Николай заметался и вцепился руками в телегу.
– Куда?! Куда поперли? Огрызки!
Телегу рванули племяши Чижика и с грохотом отбросили в сторону. Николай взвыл и, вооружась колом, стал около тракторов.
– Не дам! Тракторы не дам! Не подходи!
Но к тракторам никто и не подходил. Мужики тащили колеса, сани, мешки, сбрую, а бабы, развевая подолами платьев, носились по двору, ловя кур, поросят. Поросята, уже рослые и юркие, скользили из жадных рук, заливаясь визгом, шныряли мимо баб. Бабы, спотыкаясь о разбросанный хлам, падали, вскакивали, таращили глаза и, состязаясь в беге, гонялись за поросятами… Жена Ивана Штыркина, сухая, как борзая собака, ругалась с женой Давыдки из-за квашни. Анчурка же Кудеярова сорвала с трактора рогожу и, увернувшись от удара Николая, грозя кулаком, гоготала:
– Уселси! На трактор, чай, пес чахлый, уселси и – «не дам». Я те «не дам»! Я те башку-то на рукомойник сверну!
Ее басок тонул в грызне Шлёнки с Петром, племянником Чижика. Шлёнка успел укатить пять колес. У Петра было только три колеса, и он вертелся около Шлёнки, как кошка около мясной лавки.

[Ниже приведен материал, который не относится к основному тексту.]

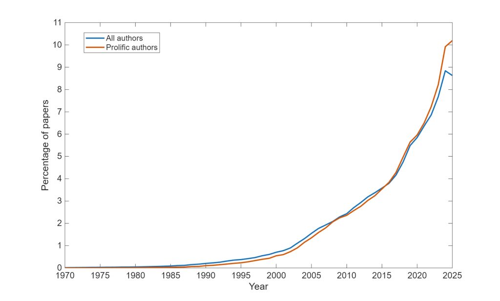 If we define prolific authors as those who have published over 500 papers during their career, we can plot the percentage of their papers over the years, compared to the same for all other (less “productive”) authors. As the figure below shows, for most of the time since 1970 the two groups have looked similar. Then, since around 2020, they’ve began to diverge, and the prolific authors begin to publish much more than the rest of us.
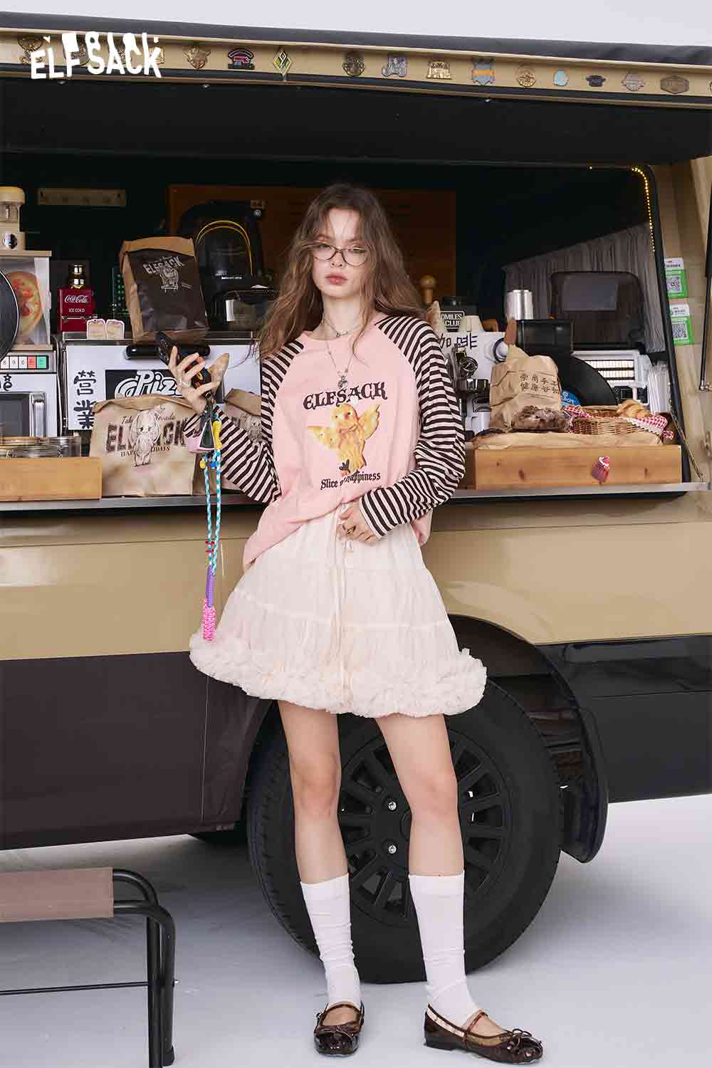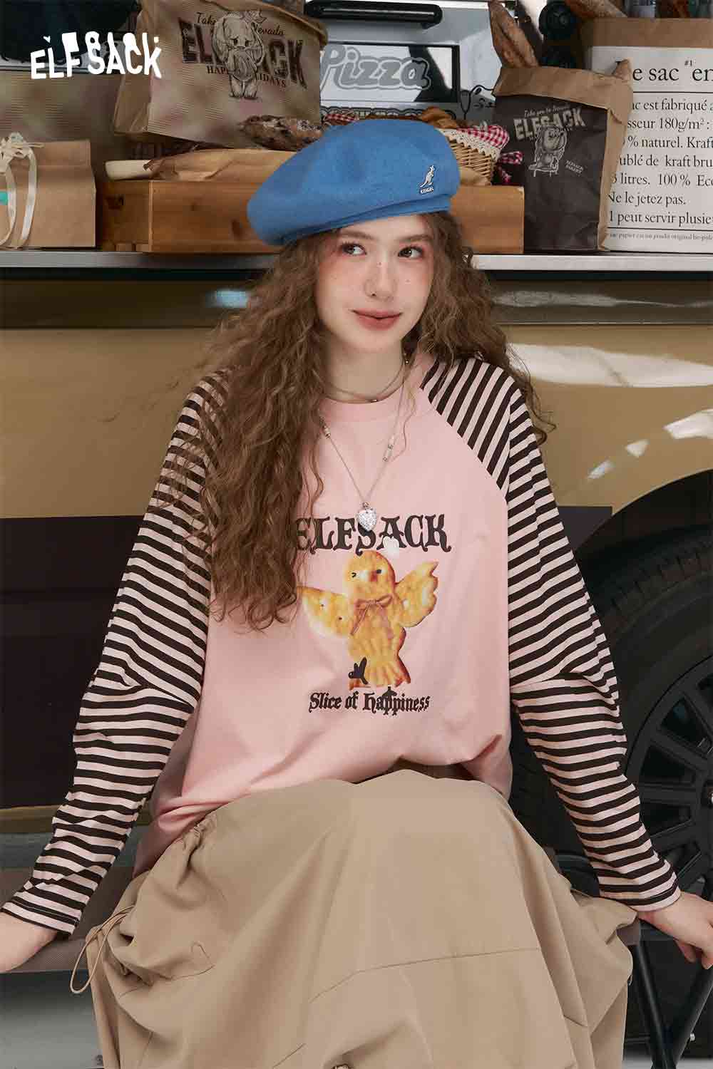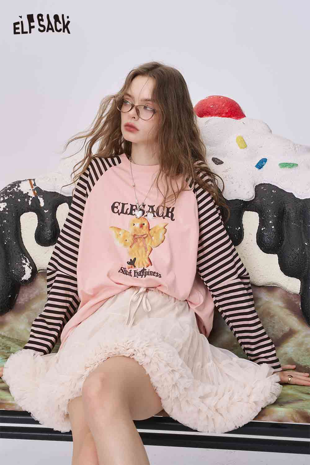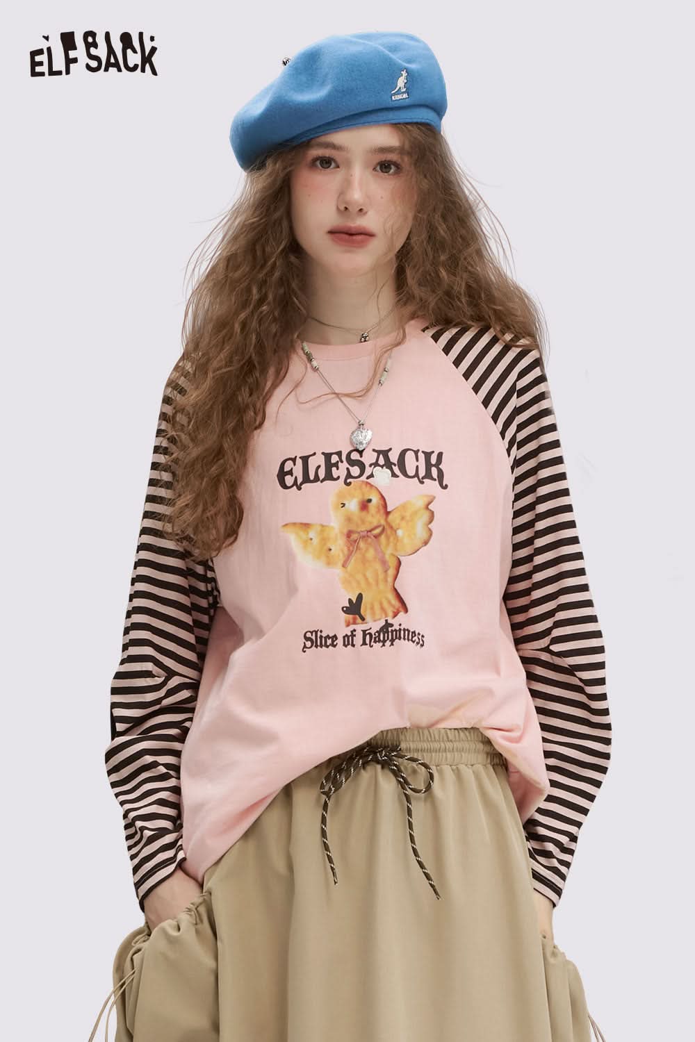 "Good Mood Dog" Striped Raglan Sleeve T-Shirt
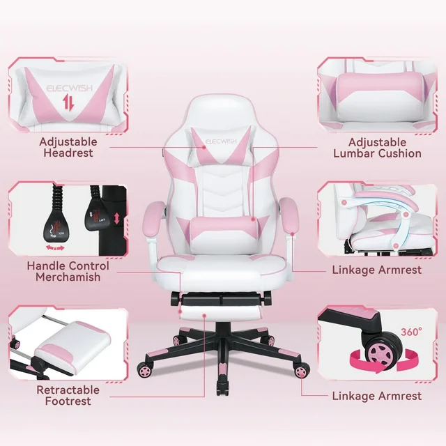 ELECWISH Gaming Chair Ergonomic Office Chair Computer Executive Swivel Desk Seat Recline Swivel Gaming Chair, Pink
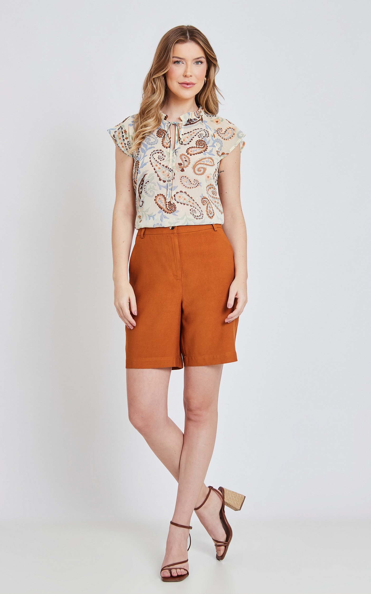 A bermuda de alfaiataria é a tradução do estilo versátil e atemporal. Com fechamento por zíper e botão, bolsos faca e traseiros invisíveis, além de passantes para cinto, une praticidade e sofisticação. Seu caimento levemente soltinho garante conforto e elegância em produções que equilibram modernidade e refinamento.
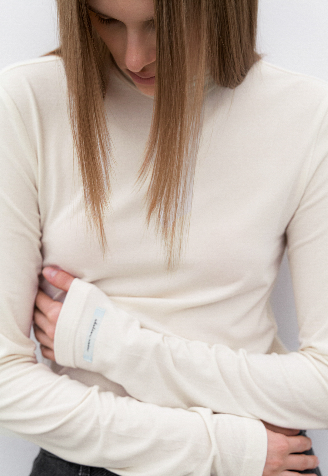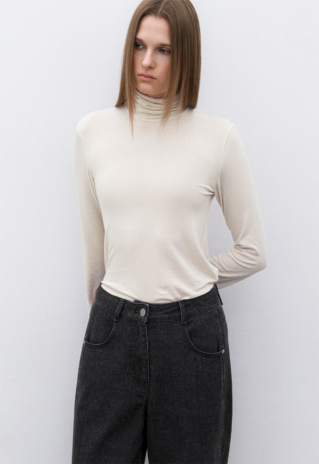 깔끔하게 이너로 착용하기 좋은 목폴라 티셔츠입니다.
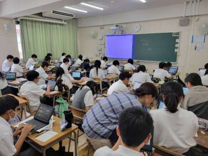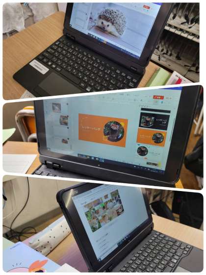 自分で決めた生物について調べてパワーポイントにまとめ、クラス全体で共有する活動を行っています。

– Мне ведь! Три у меня, – убеждал он Шлёнку, стараясь вырвать у него пятое колесо. – Ты это пойми. Зачем тебе пяток? Куда я на трех поеду?
– Брось! На трех поедешь, – хладнокровно и с такой уверенностью говорил Шлёнка, что, казалось, и правда, на трех колесах можно поехать. – Поедешь, пра… Ну, не тронь! – взрывался он, когда Петр тянулся к колесу. – Не тронь. А то вот тенькну колуном по башке и размозжу, как куренку.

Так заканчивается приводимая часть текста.